AN ATTRACTIVE REPULSION: WRITER CARL ZIMMER AND PARASITE REX
by Dike Blair
The librarian of Murry Bergtraum High School in Manhattan noticed that one of the library's books was being repeatedly stolen. In little over a year, five copies of Parasite Rex: Inside the Bizarre World of Nature's Most Dangerous Creatures had gone missing. In a show of educational enlightenment, the school answered the thefts by inviting the book's author, Carl Zimmer, to lecture at the school. Parasite Rex's popularity with high schoolers isn't that surprising as it's about the kingdom of parasites, including the kinds of scary creatures whose behaviors are often mined for horror movies. In fact, Zimmer lends a few pages of the book to our collective parasite phobia as it's reflected by the entertainment industry.
Zimmer grew up on a 25 acre farm near Flemington, New Jersey where his parents raised sheep, chickens, and cows--"All splendid hosts for parasites," he now says. He majored in writing at Yale, but he also took science courses. When he graduated in the late 80s, he tried his hand at writing fiction before getting a job as a fact-checker with Discovery. Something clicked; he spent ten years at the popular science magazine, becoming a senior editor from 1994 until he departed in 1999. Zimmer has authored numerous articles and three books, and has garnered prestigious awards for his writing, which is usually about some facet of evolution. His first book At the Water's Edge was about scientists' exploration of how life first moved from sea to land, and how later in history whales reversed that path. His last book, Evolution, is an ambitious companion book to the PBS TV series of the same name.

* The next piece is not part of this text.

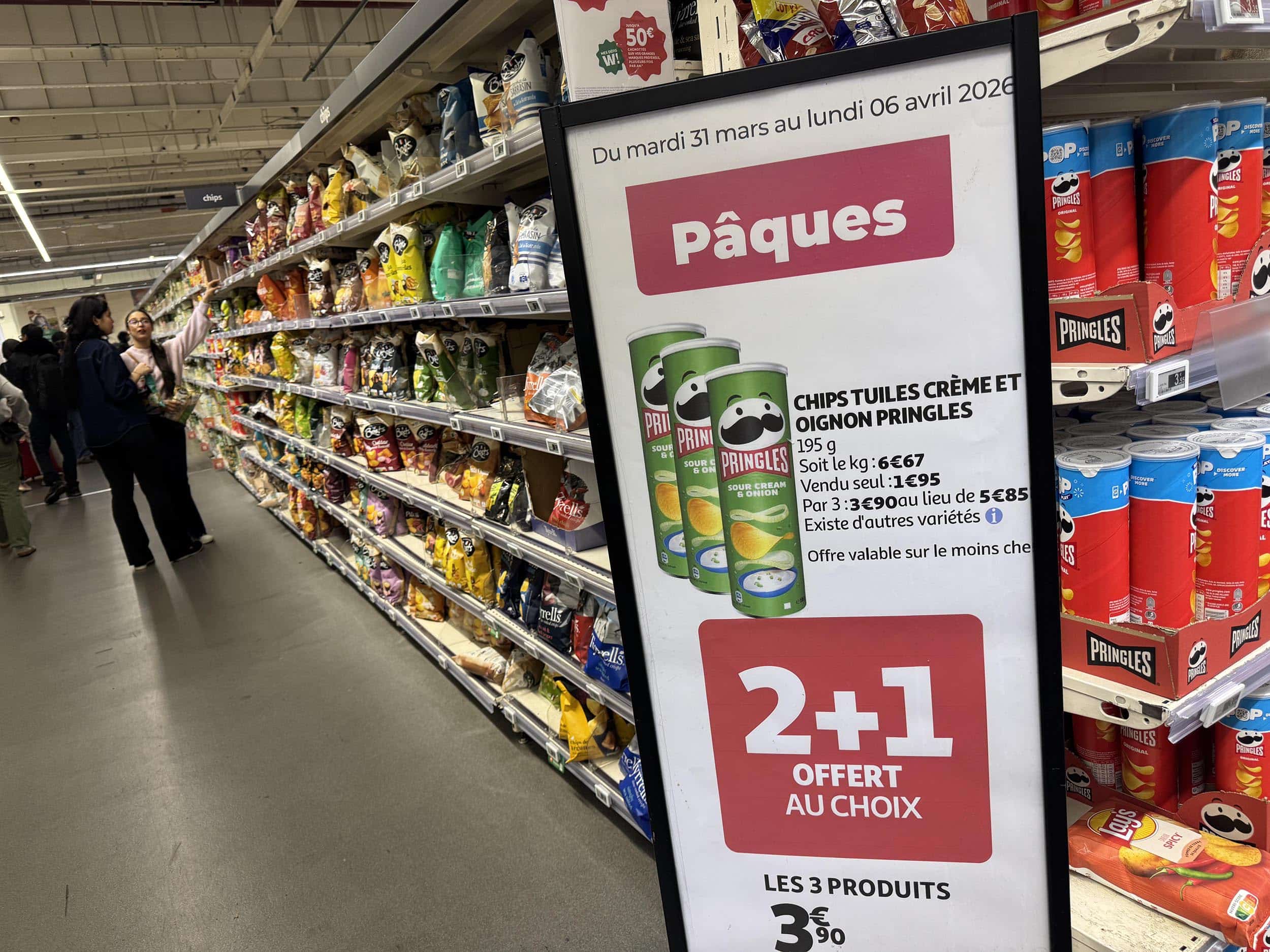 Auchan Les 4 Temps à la Défense (92). Ah !, les Pringles de Pâques. On n’y pense pas assez !

Like the kids at Bergtraum High, it was Parasite Rex, first published in 2000, which really grabbed me. The book is a remarkably compressed account of the evolutionary strategies of a range of parasitic species, from microscopic blood flukes to 60-foot tapeworms. Along with some wonderfully lurid accounts of parasitic behavior, Parasite Rex provides a great overview of how recent findings about parasitic life are affecting all the life sciences. It also chronicles the tremendous and devastating impact of parasites on world health. I spoke to Zimmer in a coffeehouse not far from the NYU library where he is researching a new book on the beginnings of Neurology.
Dike Blair: It seems as if contemporary science writing is offering theory in the public arena. Are scientists presenting their theories to the public and their peers simultaneously?
Carl Zimmer: It's a funny thing. Popular science writing has grown pretty steadily from the 1970s; it's become a substantial portion of what people read. It does offer an opportunity for public scientific intellectuals, like an E. O. Wilson or Stephen Jay Gould, to voice their theories on this and that. It's a tricky thing because a lot of times the theory that's being offered to the public hasn't been run along the` parallel track, which includes doing basic research, publishing in scientific journals--all the unsexy, underpaid work that makes any scientific idea fly, or not.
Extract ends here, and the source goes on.